As Billboard recently said in one of the few stories that has sounded the alarm about the Black erasure at the heart of many of the articles on Beyoncé’s foray into country, “…while many Black female artists have struggled to thrive in country as they may have deserved, they’ve still been present and impactful, and the word ‘reclamation’ erases the strides they made before the launch of Act II. As a billionaire, Beyoncé is effectively an institution, so she can’t really ‘reclaim’ anything.”

Black women have also been subject to this erasure on numerous occasions, including in 2020 when Mickey Guyton was given credit for being the first Black woman to perform on the ACM Awards when Rihanna, Valerie June, and even Mickey Guyton herself had performed on the awards previously.
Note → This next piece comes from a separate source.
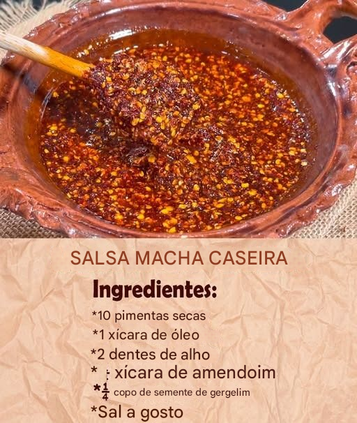 O nome « macha » não se refere a ser corajoso (embora possa parecer 😅), mas sim à forma como é preparada: esmagando pimentas secas e tostando-as com óleo, alho e, às vezes, amendoim ou sementes.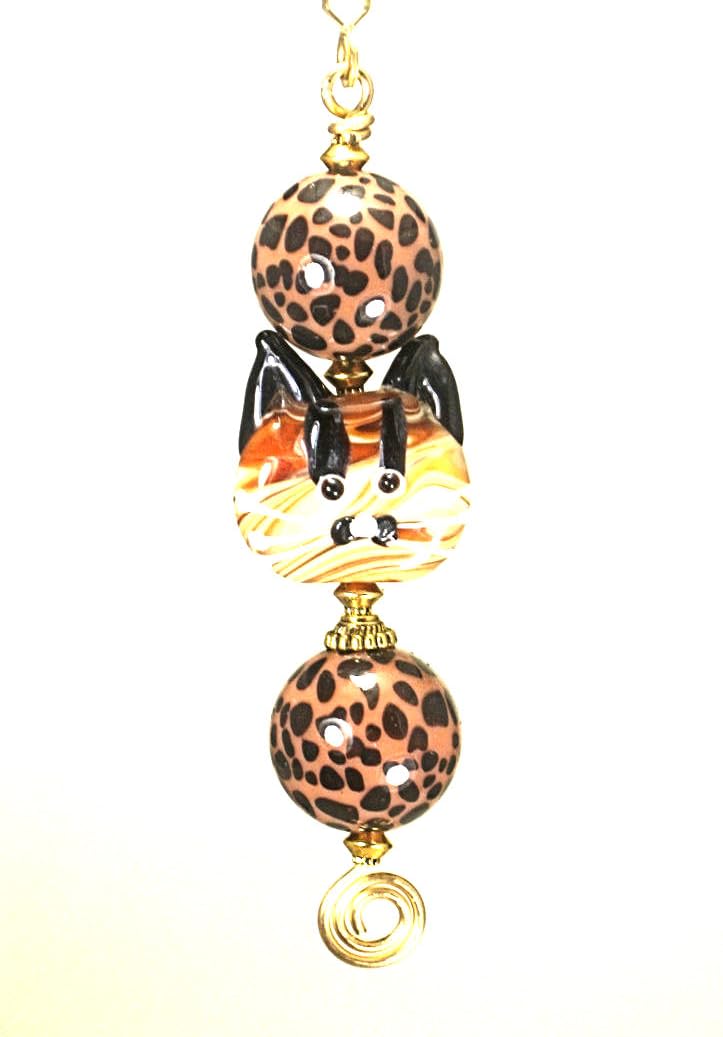 Loveable Tawny Amber Tabby Cat Animal Cheetah Leopard Print Lampwork Glass Light or Ceiling Fan Pull|Home & Garden

These kinds of proclamations result in viral social media threads, and the wholesale erasure of the accomplishments that came before in the public mindset.

The country music legacy of Ray Charles is a great illustration of how the contributions and impact of Black performers in country music is commonly diminished and overlooked. Ray Charles didn’t make it into the Country Music Hall of Fame by happenstance or as a token. He earned it by showing his love and appreciation to country music throughout his successful R&B career, and spreading the love and appreciation for country music beyond the genre’s previously-defined borders.

Ray Charles was one of country music’s greatest ambassadors as an R&B singer. But the Albany, Georgia native was also one of country music’s great native performers.